Start of STORED DATA

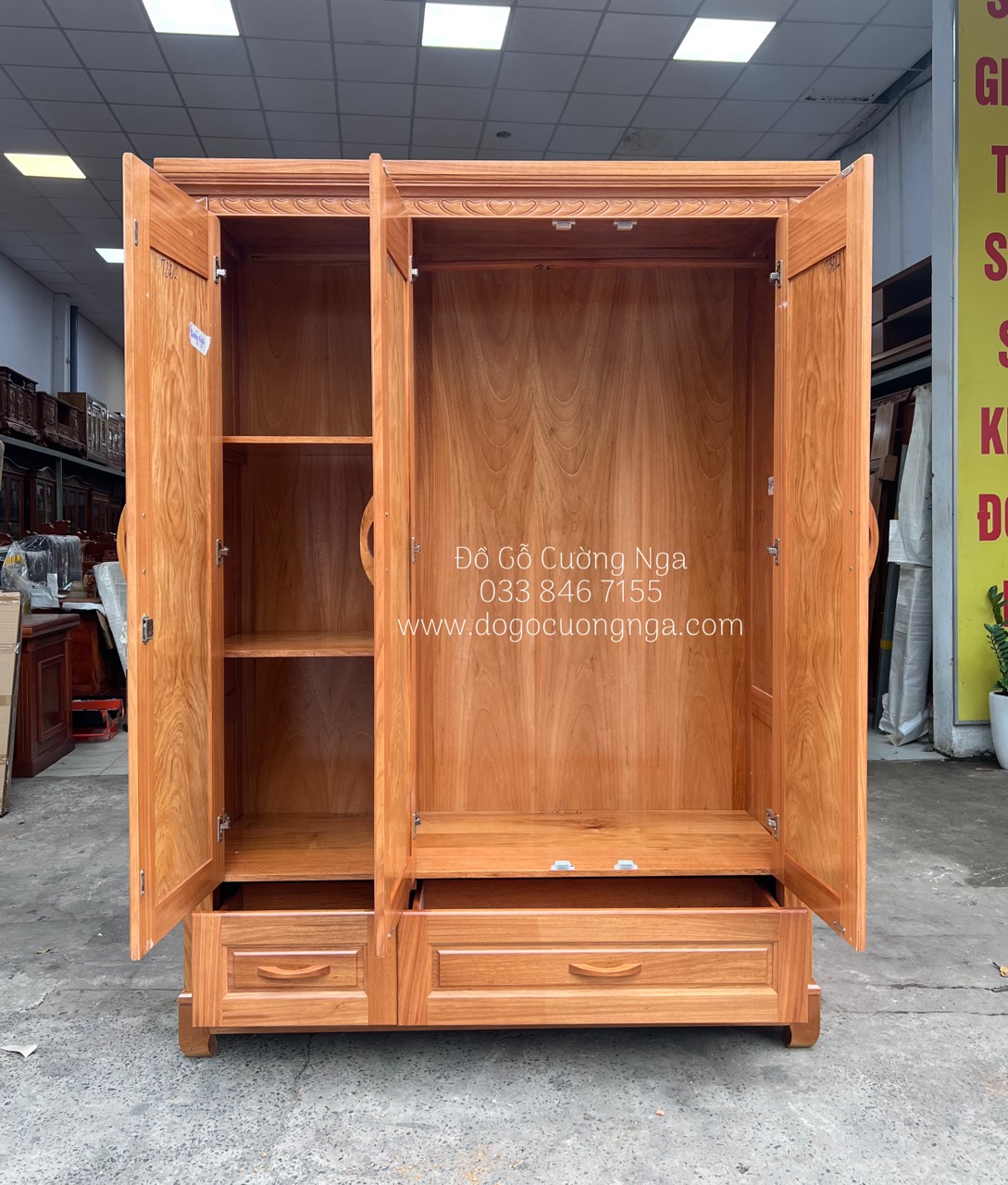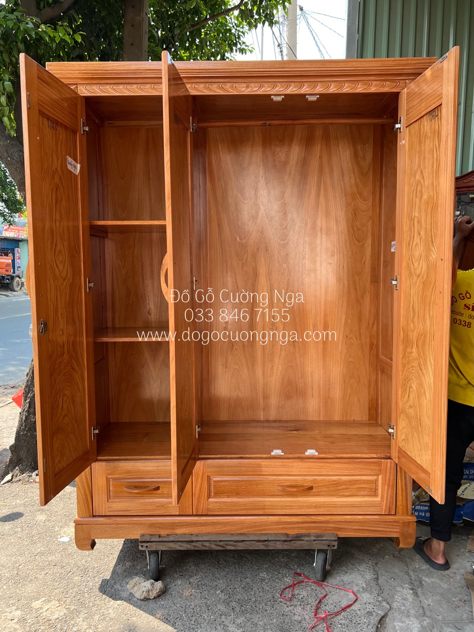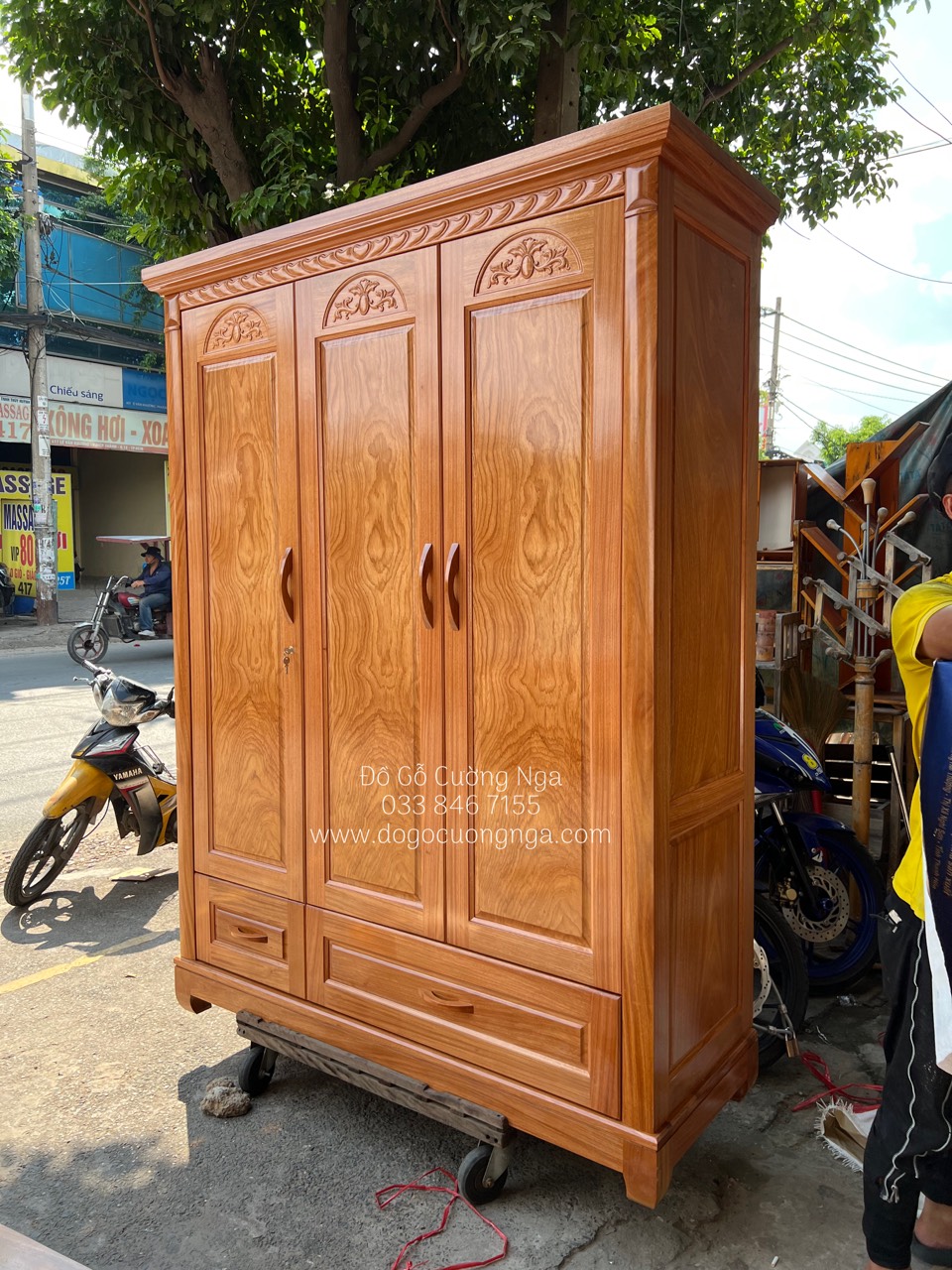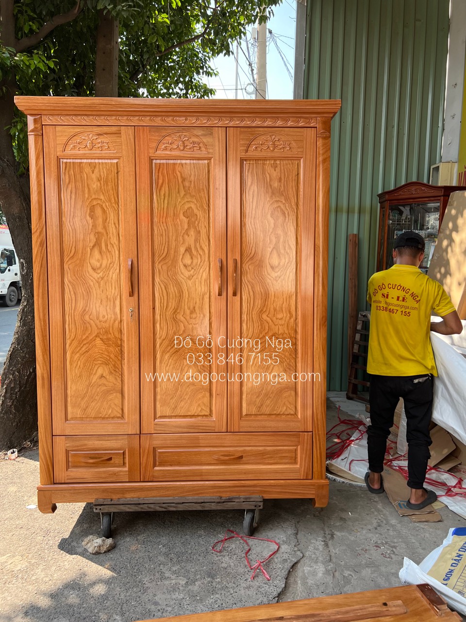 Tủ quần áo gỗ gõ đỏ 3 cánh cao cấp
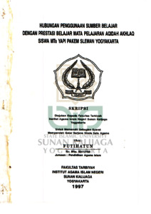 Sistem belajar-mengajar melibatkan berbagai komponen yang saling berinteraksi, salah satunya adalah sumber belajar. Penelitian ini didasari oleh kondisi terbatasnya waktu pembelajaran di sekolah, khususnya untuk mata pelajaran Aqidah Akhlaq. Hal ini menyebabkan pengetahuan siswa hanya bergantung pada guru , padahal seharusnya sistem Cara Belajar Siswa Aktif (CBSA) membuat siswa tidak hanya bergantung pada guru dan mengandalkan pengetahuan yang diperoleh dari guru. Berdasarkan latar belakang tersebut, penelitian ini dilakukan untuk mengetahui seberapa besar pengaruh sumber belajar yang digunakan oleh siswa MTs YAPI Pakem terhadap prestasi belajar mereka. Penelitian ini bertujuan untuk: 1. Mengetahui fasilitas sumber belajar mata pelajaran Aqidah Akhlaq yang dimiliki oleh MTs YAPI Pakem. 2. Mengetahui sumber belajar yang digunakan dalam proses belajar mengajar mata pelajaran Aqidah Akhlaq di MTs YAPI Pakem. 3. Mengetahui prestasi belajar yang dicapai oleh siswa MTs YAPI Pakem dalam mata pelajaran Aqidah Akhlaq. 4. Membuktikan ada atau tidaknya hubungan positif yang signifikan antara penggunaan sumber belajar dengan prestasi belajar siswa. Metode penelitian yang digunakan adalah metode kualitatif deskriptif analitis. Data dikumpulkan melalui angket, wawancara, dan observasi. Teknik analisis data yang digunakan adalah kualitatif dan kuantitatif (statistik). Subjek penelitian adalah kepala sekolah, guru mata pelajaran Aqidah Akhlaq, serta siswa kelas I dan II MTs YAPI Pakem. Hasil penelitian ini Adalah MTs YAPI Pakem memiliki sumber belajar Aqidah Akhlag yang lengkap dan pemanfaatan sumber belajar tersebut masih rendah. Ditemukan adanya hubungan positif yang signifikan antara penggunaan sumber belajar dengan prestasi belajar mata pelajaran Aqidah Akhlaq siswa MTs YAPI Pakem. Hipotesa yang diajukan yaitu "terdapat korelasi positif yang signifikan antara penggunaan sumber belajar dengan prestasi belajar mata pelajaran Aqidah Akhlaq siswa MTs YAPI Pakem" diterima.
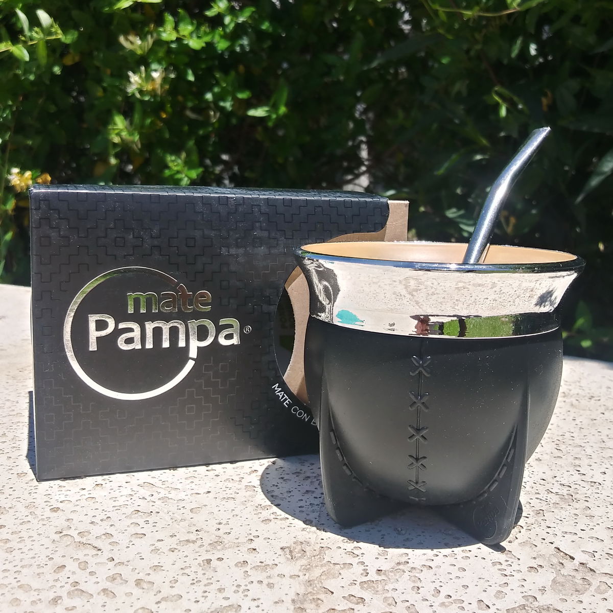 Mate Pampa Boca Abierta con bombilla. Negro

End of STORED DATA
Start of STORED DATA

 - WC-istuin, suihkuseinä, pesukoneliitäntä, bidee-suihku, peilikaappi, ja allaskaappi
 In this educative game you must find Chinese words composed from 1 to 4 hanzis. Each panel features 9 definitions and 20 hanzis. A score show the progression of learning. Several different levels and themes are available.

End of STORED DATA
Start of STORED DATA

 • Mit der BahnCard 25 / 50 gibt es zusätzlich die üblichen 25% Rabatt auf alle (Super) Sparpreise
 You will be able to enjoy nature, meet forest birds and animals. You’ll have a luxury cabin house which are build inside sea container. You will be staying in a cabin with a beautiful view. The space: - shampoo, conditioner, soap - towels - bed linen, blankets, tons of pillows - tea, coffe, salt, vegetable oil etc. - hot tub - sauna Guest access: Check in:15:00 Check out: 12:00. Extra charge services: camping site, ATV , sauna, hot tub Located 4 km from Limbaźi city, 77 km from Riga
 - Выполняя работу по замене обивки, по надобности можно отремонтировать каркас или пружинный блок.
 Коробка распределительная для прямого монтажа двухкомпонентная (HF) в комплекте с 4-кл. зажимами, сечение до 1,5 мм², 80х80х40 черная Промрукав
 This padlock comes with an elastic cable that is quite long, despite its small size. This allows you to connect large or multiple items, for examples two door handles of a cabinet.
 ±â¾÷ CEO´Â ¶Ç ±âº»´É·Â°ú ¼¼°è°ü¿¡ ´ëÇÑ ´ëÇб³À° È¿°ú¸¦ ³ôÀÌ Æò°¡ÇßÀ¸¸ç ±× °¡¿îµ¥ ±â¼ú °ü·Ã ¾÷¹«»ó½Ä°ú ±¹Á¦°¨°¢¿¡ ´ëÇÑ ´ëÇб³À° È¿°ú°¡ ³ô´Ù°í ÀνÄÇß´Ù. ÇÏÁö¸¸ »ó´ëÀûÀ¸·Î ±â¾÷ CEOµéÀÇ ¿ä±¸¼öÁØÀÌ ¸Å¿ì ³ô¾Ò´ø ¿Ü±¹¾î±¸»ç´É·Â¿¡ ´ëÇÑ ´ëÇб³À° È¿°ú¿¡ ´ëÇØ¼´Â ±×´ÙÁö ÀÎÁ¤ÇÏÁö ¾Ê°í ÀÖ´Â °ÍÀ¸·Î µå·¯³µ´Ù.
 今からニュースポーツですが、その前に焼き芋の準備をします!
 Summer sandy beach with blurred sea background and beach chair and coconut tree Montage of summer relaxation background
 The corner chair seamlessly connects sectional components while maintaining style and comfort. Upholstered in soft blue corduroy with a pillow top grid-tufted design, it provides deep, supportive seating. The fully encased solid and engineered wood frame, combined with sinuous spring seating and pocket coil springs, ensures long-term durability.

End of STORED DATA

WORK ORDER: Please copy every line of the records above in which "with" appears.

WRITTEN ANSWER:
 You will be able to enjoy nature, meet forest birds and animals. You’ll have a luxury cabin house which are build inside sea container. You will be staying in a cabin with a beautiful view. The space: - shampoo, conditioner, soap - towels - bed linen, blankets, tons of pillows - tea, coffe, salt, vegetable oil etc. - hot tub - sauna Guest access: Check in:15:00 Check out: 12:00. Extra charge services: camping site, ATV , sauna, hot tub Located 4 km from Limbaźi city, 77 km from Riga
 This padlock comes with an elastic cable that is quite long, despite its small size. This allows you to connect large or multiple items, for examples two door handles of a cabinet.
 Summer sandy beach with blurred sea background and beach chair and coconut tree Montage of summer relaxation background
 The corner chair seamlessly connects sectional components while maintaining style and comfort. Upholstered in soft blue corduroy with a pillow top grid-tufted design, it provides deep, supportive seating. The fully encased solid and engineered wood frame, combined with sinuous spring seating and pocket coil springs, ensures long-term durability.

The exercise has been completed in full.